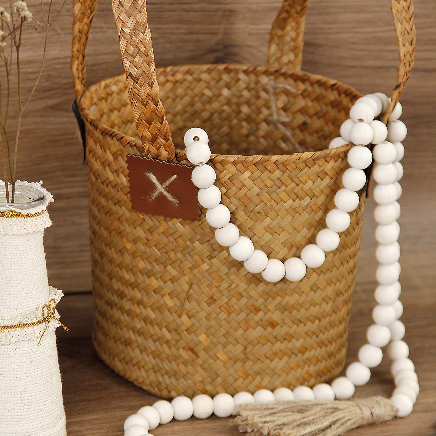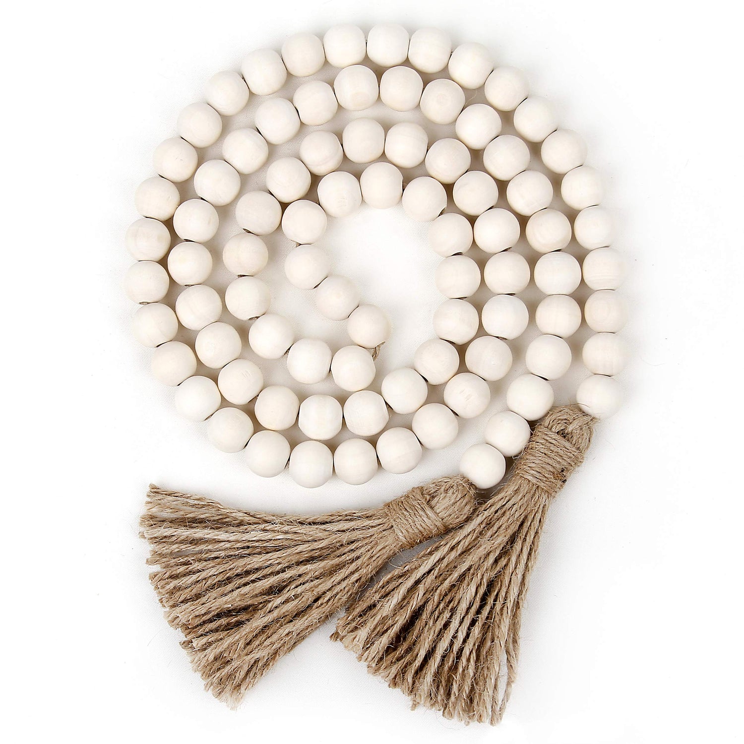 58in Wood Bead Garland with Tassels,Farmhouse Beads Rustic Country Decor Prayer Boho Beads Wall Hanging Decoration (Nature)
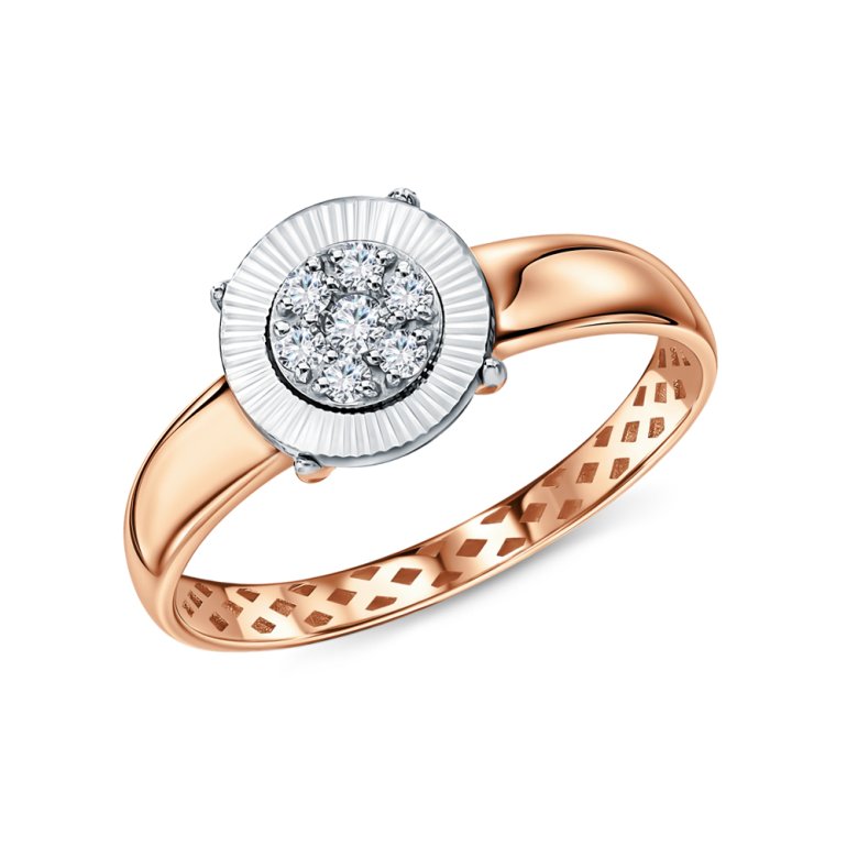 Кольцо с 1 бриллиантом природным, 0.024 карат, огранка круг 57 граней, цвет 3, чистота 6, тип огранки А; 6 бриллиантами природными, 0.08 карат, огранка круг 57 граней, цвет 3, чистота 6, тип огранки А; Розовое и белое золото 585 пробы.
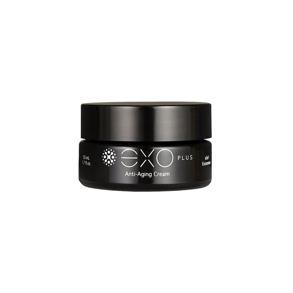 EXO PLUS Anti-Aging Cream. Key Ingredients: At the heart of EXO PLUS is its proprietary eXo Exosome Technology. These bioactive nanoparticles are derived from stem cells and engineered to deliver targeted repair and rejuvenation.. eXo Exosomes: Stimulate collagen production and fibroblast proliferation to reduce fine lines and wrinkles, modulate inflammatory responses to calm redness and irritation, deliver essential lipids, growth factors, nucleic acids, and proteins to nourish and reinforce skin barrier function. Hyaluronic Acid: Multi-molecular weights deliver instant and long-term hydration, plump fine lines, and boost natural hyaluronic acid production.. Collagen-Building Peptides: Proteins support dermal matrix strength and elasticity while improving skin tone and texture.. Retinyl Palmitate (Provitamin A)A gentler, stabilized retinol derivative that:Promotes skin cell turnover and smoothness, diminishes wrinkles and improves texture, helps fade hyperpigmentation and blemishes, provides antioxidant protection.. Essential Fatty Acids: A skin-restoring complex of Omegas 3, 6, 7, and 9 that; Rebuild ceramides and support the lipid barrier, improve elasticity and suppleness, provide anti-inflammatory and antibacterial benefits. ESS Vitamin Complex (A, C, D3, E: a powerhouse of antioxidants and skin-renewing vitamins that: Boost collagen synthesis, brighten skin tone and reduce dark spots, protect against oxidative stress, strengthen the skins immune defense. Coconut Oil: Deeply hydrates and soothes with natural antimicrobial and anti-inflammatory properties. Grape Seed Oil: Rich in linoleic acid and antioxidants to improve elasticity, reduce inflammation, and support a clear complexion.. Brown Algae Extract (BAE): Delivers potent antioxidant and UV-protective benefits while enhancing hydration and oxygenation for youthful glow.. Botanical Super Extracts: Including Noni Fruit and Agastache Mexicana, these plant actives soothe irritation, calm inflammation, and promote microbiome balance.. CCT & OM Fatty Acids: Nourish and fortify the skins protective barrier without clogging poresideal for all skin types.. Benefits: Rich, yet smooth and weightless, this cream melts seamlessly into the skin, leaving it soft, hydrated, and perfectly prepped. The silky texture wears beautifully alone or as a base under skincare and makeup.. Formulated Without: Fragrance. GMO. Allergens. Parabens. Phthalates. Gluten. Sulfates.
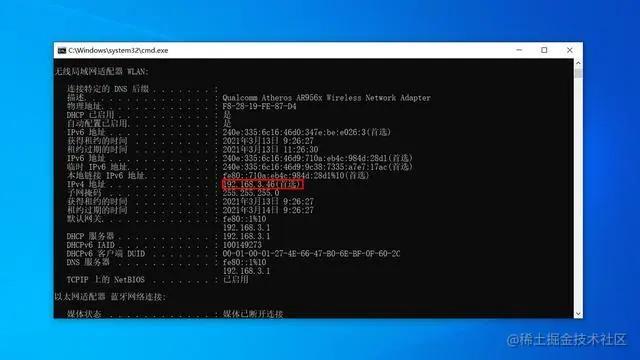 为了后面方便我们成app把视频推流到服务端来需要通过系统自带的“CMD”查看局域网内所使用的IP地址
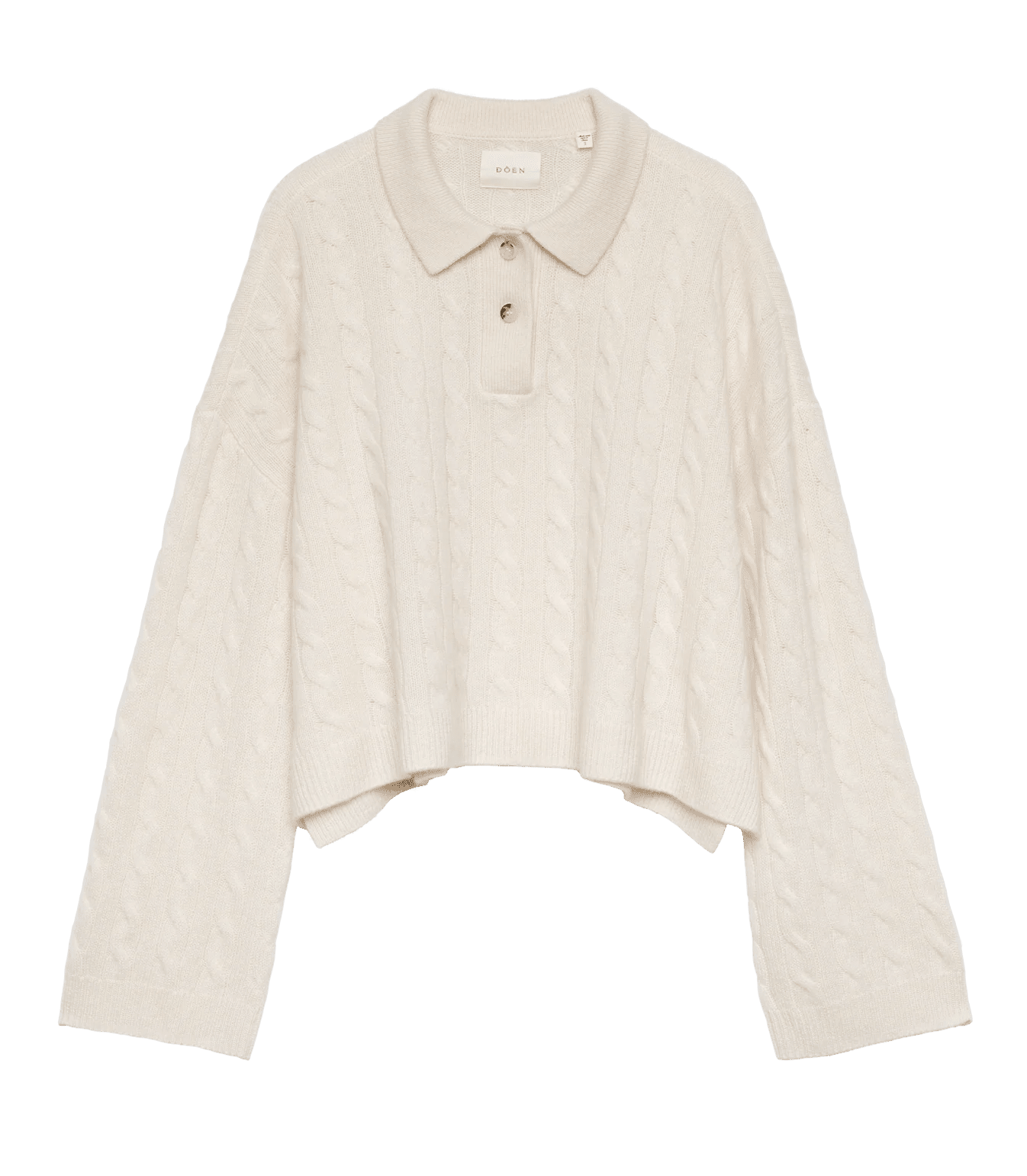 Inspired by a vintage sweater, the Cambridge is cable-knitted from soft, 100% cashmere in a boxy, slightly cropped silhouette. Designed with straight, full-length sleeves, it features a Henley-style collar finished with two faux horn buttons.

WORK TO COMPLETE
Line by line, return the listing above exactly, leaving out its pictures.

RESULT OF THIS EXERCISE
 58in Wood Bead Garland with Tassels,Farmhouse Beads Rustic Country Decor Prayer Boho Beads Wall Hanging Decoration (Nature)
 Кольцо с 1 бриллиантом природным, 0.024 карат, огранка круг 57 граней, цвет 3, чистота 6, тип огранки А; 6 бриллиантами природными, 0.08 карат, огранка круг 57 граней, цвет 3, чистота 6, тип огранки А; Розовое и белое золото 585 пробы.
 EXO PLUS Anti-Aging Cream. Key Ingredients: At the heart of EXO PLUS is its proprietary eXo Exosome Technology. These bioactive nanoparticles are derived from stem cells and engineered to deliver targeted repair and rejuvenation.. eXo Exosomes: Stimulate collagen production and fibroblast proliferation to reduce fine lines and wrinkles, modulate inflammatory responses to calm redness and irritation, deliver essential lipids, growth factors, nucleic acids, and proteins to nourish and reinforce skin barrier function. Hyaluronic Acid: Multi-molecular weights deliver instant and long-term hydration, plump fine lines, and boost natural hyaluronic acid production.. Collagen-Building Peptides: Proteins support dermal matrix strength and elasticity while improving skin tone and texture.. Retinyl Palmitate (Provitamin A)A gentler, stabilized retinol derivative that:Promotes skin cell turnover and smoothness, diminishes wrinkles and improves texture, helps fade hyperpigmentation and blemishes, provides antioxidant protection.. Essential Fatty Acids: A skin-restoring complex of Omegas 3, 6, 7, and 9 that; Rebuild ceramides and support the lipid barrier, improve elasticity and suppleness, provide anti-inflammatory and antibacterial benefits. ESS Vitamin Complex (A, C, D3, E: a powerhouse of antioxidants and skin-renewing vitamins that: Boost collagen synthesis, brighten skin tone and reduce dark spots, protect against oxidative stress, strengthen the skins immune defense. Coconut Oil: Deeply hydrates and soothes with natural antimicrobial and anti-inflammatory properties. Grape Seed Oil: Rich in linoleic acid and antioxidants to improve elasticity, reduce inflammation, and support a clear complexion.. Brown Algae Extract (BAE): Delivers potent antioxidant and UV-protective benefits while enhancing hydration and oxygenation for youthful glow.. Botanical Super Extracts: Including Noni Fruit and Agastache Mexicana, these plant actives soothe irritation, calm inflammation, and promote microbiome balance.. CCT & OM Fatty Acids: Nourish and fortify the skins protective barrier without clogging poresideal for all skin types.. Benefits: Rich, yet smooth and weightless, this cream melts seamlessly into the skin, leaving it soft, hydrated, and perfectly prepped. The silky texture wears beautifully alone or as a base under skincare and makeup.. Formulated Without: Fragrance. GMO. Allergens. Parabens. Phthalates. Gluten. Sulfates.
 为了后面方便我们成app把视频推流到服务端来需要通过系统自带的“CMD”查看局域网内所使用的IP地址
 Inspired by a vintage sweater, the Cambridge is cable-knitted from soft, 100% cashmere in a boxy, slightly cropped silhouette. Designed with straight, full-length sleeves, it features a Henley-style collar finished with two faux horn buttons.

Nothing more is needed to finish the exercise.